MATERIALS PROVIDED>
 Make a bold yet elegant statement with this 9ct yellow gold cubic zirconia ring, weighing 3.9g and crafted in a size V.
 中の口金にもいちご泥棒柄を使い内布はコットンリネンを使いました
...
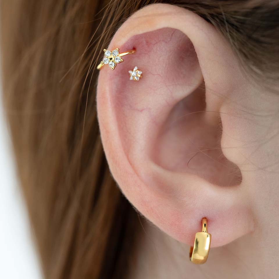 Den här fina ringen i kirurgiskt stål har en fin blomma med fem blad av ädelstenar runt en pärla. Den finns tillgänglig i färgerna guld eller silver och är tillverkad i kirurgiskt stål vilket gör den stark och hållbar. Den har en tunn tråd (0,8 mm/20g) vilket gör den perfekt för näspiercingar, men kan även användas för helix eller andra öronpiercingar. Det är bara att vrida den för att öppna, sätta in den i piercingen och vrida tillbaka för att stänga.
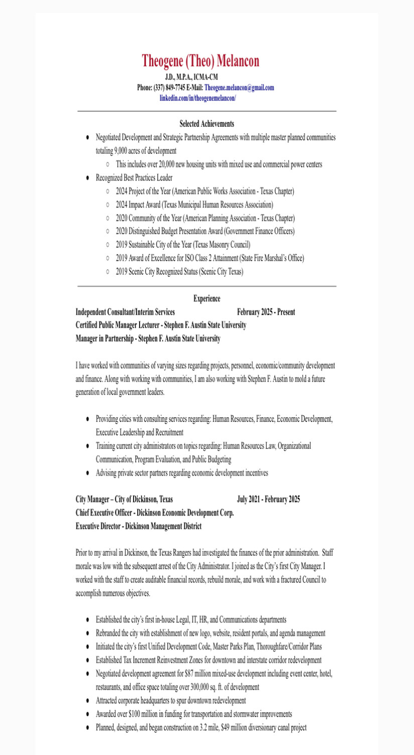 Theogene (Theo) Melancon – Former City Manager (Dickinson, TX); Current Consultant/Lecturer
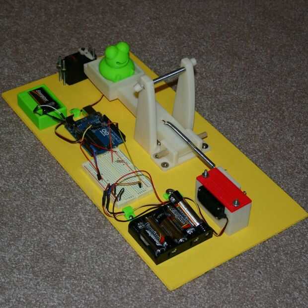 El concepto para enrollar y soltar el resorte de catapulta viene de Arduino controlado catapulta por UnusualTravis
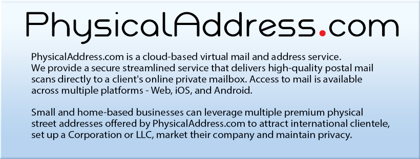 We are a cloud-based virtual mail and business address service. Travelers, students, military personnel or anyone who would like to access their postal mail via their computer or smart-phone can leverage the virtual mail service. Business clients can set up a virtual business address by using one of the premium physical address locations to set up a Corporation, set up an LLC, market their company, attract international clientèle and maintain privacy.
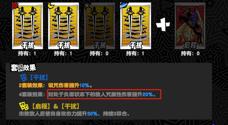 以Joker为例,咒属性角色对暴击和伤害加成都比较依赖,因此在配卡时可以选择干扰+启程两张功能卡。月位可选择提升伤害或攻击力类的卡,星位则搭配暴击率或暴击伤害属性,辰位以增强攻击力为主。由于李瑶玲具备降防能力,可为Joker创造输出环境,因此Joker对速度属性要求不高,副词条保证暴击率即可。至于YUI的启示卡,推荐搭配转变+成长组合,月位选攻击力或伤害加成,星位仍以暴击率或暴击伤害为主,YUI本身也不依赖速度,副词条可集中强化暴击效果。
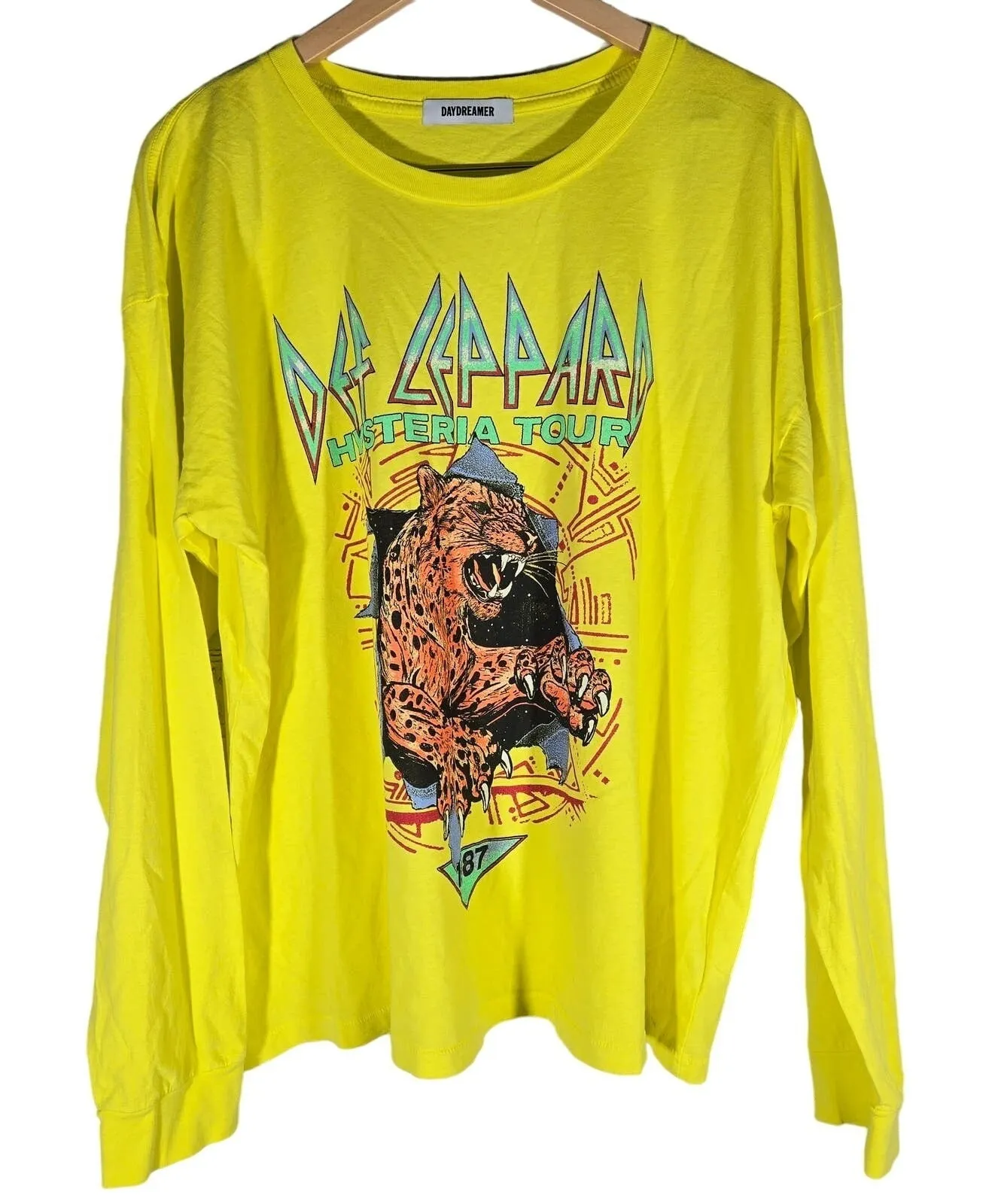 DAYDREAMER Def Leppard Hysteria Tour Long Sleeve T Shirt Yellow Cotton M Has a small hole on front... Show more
---
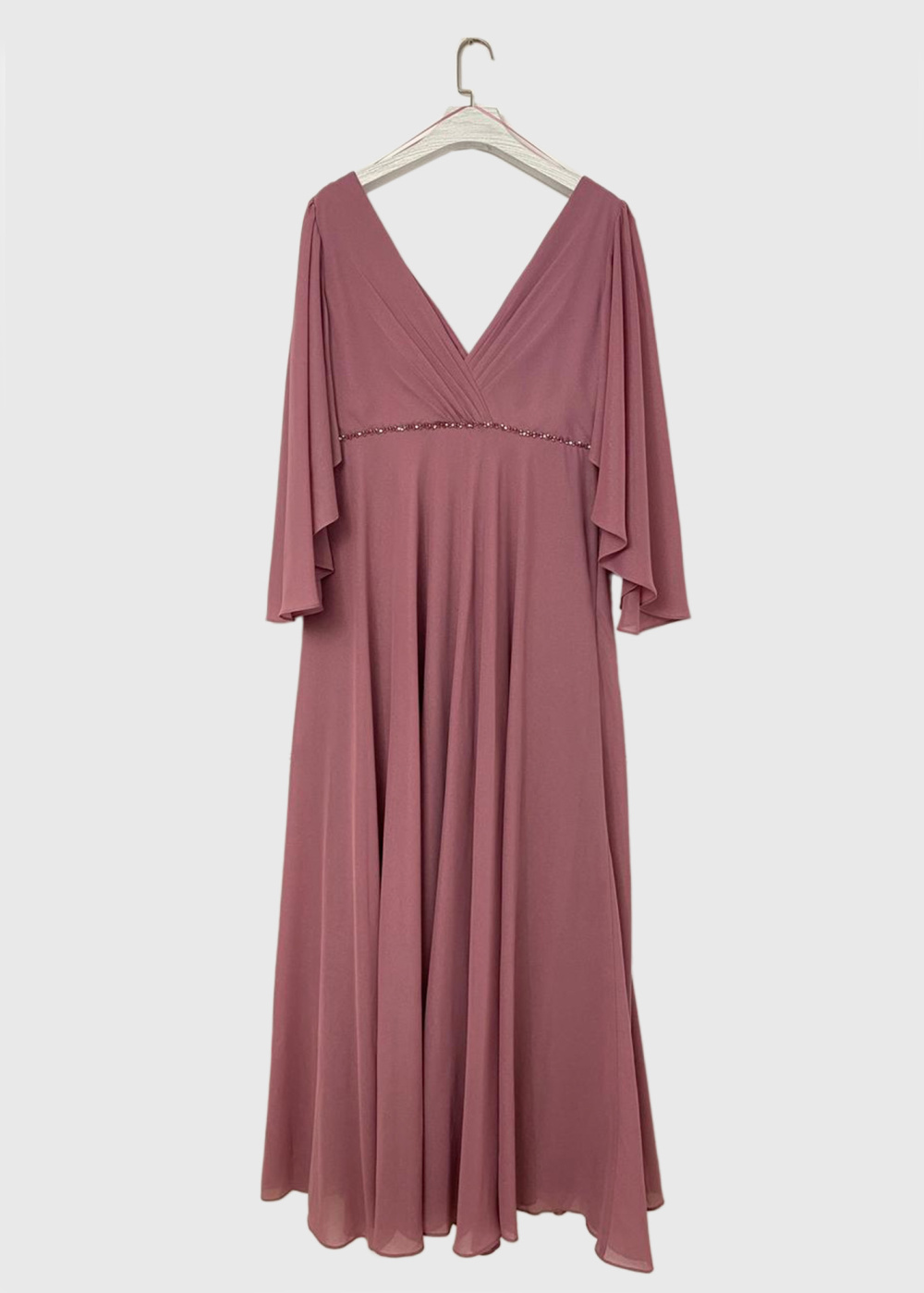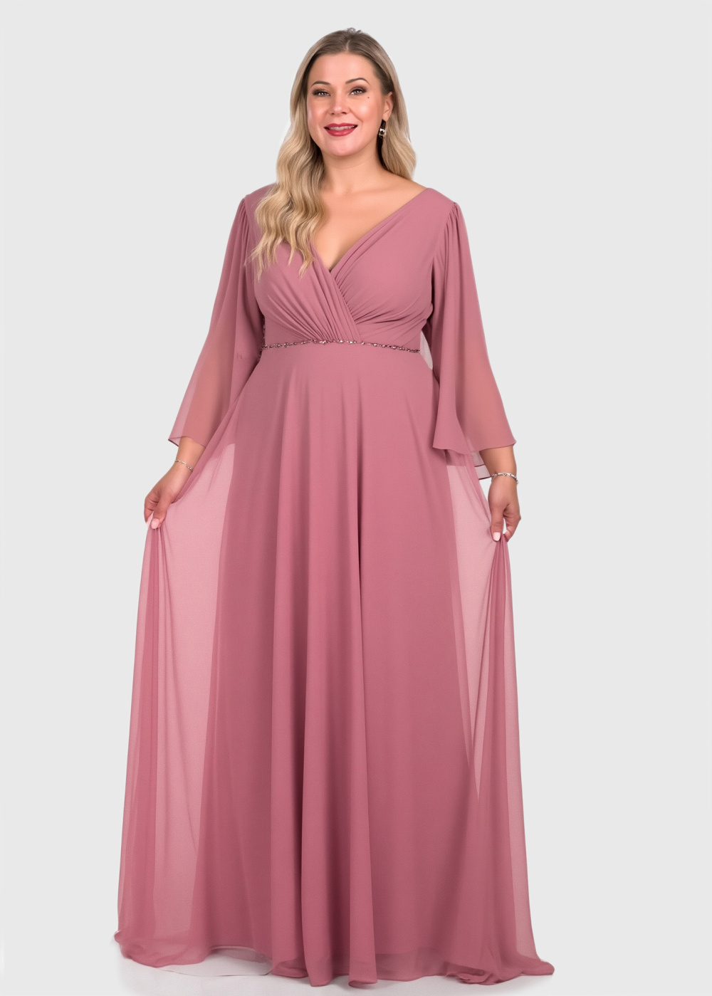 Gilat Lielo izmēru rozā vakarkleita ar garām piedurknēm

BRIEF> Please give an exact copy of the lines above, beginning with the line containing "Make a bold" and running through the line containing "中の口金にもいちご泥棒柄を使い内布はコットンリネンを使いました", and of no other lines.

PROBLEM SOLUTION>
 Make a bold yet elegant statement with this 9ct yellow gold cubic zirconia ring, weighing 3.9g and crafted in a size V.
 中の口金にもいちご泥棒柄を使い内布はコットンリネンを使いました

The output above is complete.